The map didn’t matter yet. Kian angled his body toward Homolka and Guria.
”How much do you two know about Crete’s war against Nizaam and Shajar ten years ago?”
”That we lost because they had more magicians. Because Asterios didn’t give us his lightning, and we got crushed by numbers.”
”That’s about what I heard too. Is that wrong?”
Kian nodded.
”It’s not totally wrong. Asterios’s absence did cast a big shadow. But that wasn’t all. In fact, Crete actually had the superior magician force back then. And just like now, Nizaam and Shajar were under a time limit.”
”…Time limit?” Homolka frowned.
Kian’s eyes glinted.
”How do you mean?” Homolka’s tone was calm, but a sharp crease pulled between his brows.
”The whole reason they went to war was the worst possible kind,” Kian said. His voice stayed even, almost detached, like he was just reading out facts on a weathered map, but there was an edge under it that made Guria’s fingers clench against her skirt. “They claimed Crete’s ships had been raiding the coasts of Phoenicia and Nile, and said they had to crush the pirates’ nest to protect their homeland. So they attacked Cyclops Island. Later, though, it turned out that was all staged by Nizaam himself. In other words, ten years ago, Nizaam set fire to his own coastal cities, accused Crete of it, and teamed up with Shajar to launch an invasion of Cyclops Island.”
”S-so that’s how it really started…” Guria’s voice wavered.
”Yeah. Since it didn’t make sense from Crete’s side, people just assumed Nizaam wanted territory and took Cyclops. Which is basically true. But the reason he put forward—the official one—was that Crete was a danger to his coasts, so he had to wipe them out.”
Homolka bit down on his lip, his knuckles pale as they pressed into the couch arm.
”What a vile thing… No wonder even Izerland, all the way off in the distance, was raising protests at the time.”
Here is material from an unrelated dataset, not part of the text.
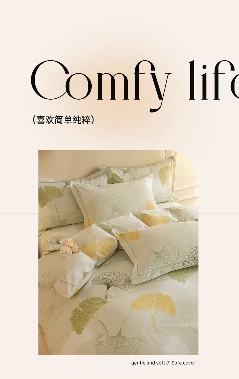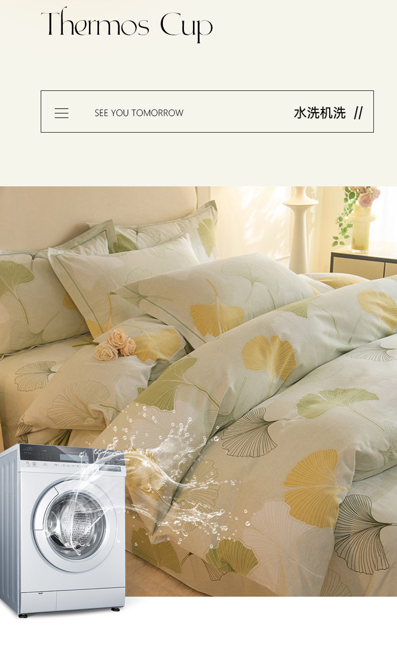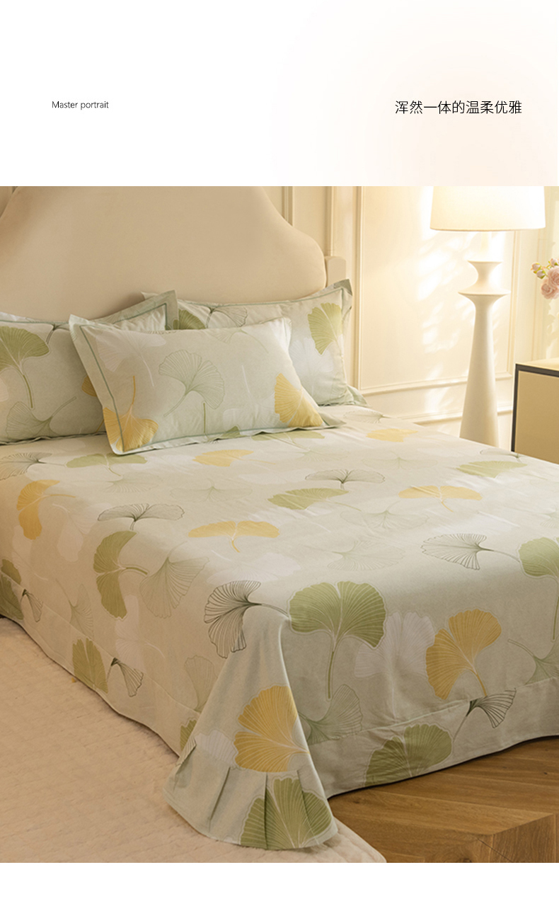 磨毛世家家纺 2025新款生态四件套 银杏叶-绿

”Azrael is an empire of invasion,” Kian said, still calm, “but it’s also one of the most civilized nations in the world—and a trade empire. As the country grew, more and more scholars and wealthy merchants from all over the world gathered at its center. That made it harder to fund wars without hitting limits set by public opinion and law. It’s not like some Izerland petty lord who’ll attack because ‘the wheatfields next door are golden.’ Do that now, and they’d be condemned brutally afterward. War costs money, but ruling new territory after taking it costs even more. Scholars will attack them for lacking legal grounds or ethics, and the economic heavyweights will resist war just because it raises their taxes. So they always need a convincing cause to make the public and the elites accept a war.”
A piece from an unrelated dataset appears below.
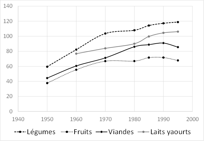 Au 20e siècle, les habitudes alimentaires ont énormément évolué. Divers progrès technologiques ont permis une production, une conservation et une distribution incomparablement plus efficaces que par le passé. La disponibilité de tous les aliments a été fortement accrue, et ce y compris dans les dernières décennies. En France, dans la seconde moitié du 20e siècle, la consommation par habitant de fruits, de légumes, de viande et de produits laitiers a quasiment doublé (Figure 21).

”But their cause was staged. So they had to win and crush Crete before anyone found out?” Guria asked.
”Exactly. That was their time limit.”
”I see. And… when you said Crete didn’t really lose because of weaker magician forces, what did you mean?” Homolka asked.
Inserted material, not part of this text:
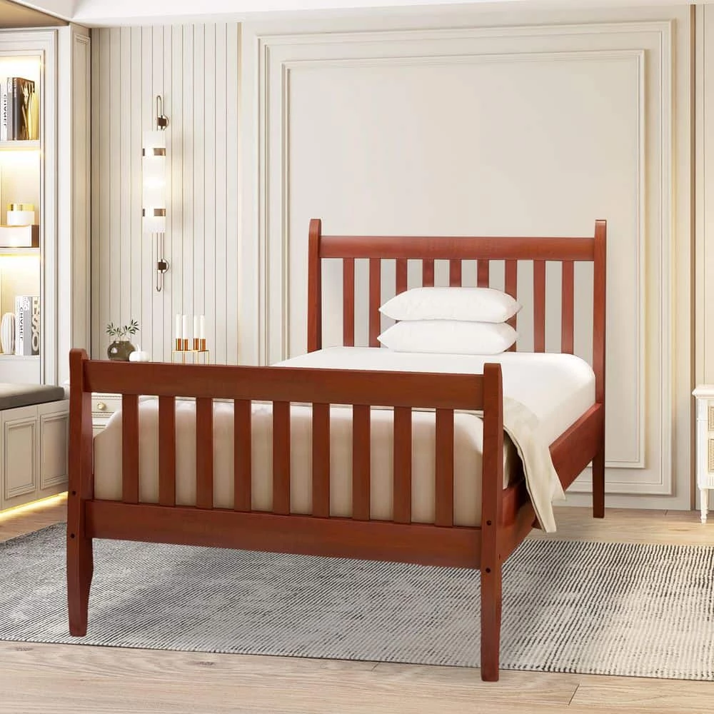 The wood platform bed with paneled headboard and footboard work well with any style of home decoration. The strong frame and legs are made of solid wood to support your memory foam, latex or spring mattress. The slats on the headboard and footboard stand are simple and stylish. The solid and manufactured wood frame hints at subtle refinement, without overpowering your current decor. You can place this bed anywhere in your room. It features a slat kit, crafted with solid wood and MDF. This comfortable style definitely fits your room.

Kian set a fingertip on the map spread across the table, over the Nile region—the homeland of Sarah, Rufna, and Natra.
”Rufna’s spies got word to Shajar that the casus belli was staged. She told them, ‘Then finish it quickly before anyone finds out.’ But Shajar didn’t. Azrael may be an empire, but it still claims to be just. That Azraelite faith—the belief that bound so many different peoples with different races, environments, and creeds together—meant they couldn’t just start a war on false pretenses. If it got exposed, no one knew what the scholars in Nile’s academia would write. And back then, Umar’s golem tech had just sped up the production of manuscripts like crazy. Shajar feared for her own political life and held back her elite Nile troops.”
”So… Crete was basically…”
”Yes. Nizaam charged in alone, abandoned by his supposed ally. Shajar only shipped supplies to an uninhabited island nearby, never lent her ports, never let Malc soldiers march on her coasts. Because of that, the Malc army had to stretch their routes thin, and their forces were too few—so without Asterios, they ended up in a ‘fair fight’ against Crete. It should’ve been over in one leap if Asterios wasn’t there.”
Crete had been lucky, in a way. Beyond navy and money and wildcards like Asterios, they had survived thanks to the tangled greed and fears of powerful people along the Azrael Sea coast.
”Nizaam had a time limit and weaker magician forces. He should’ve lost in a straight fight,” Kian went on, “but he was too good at war to let that happen.”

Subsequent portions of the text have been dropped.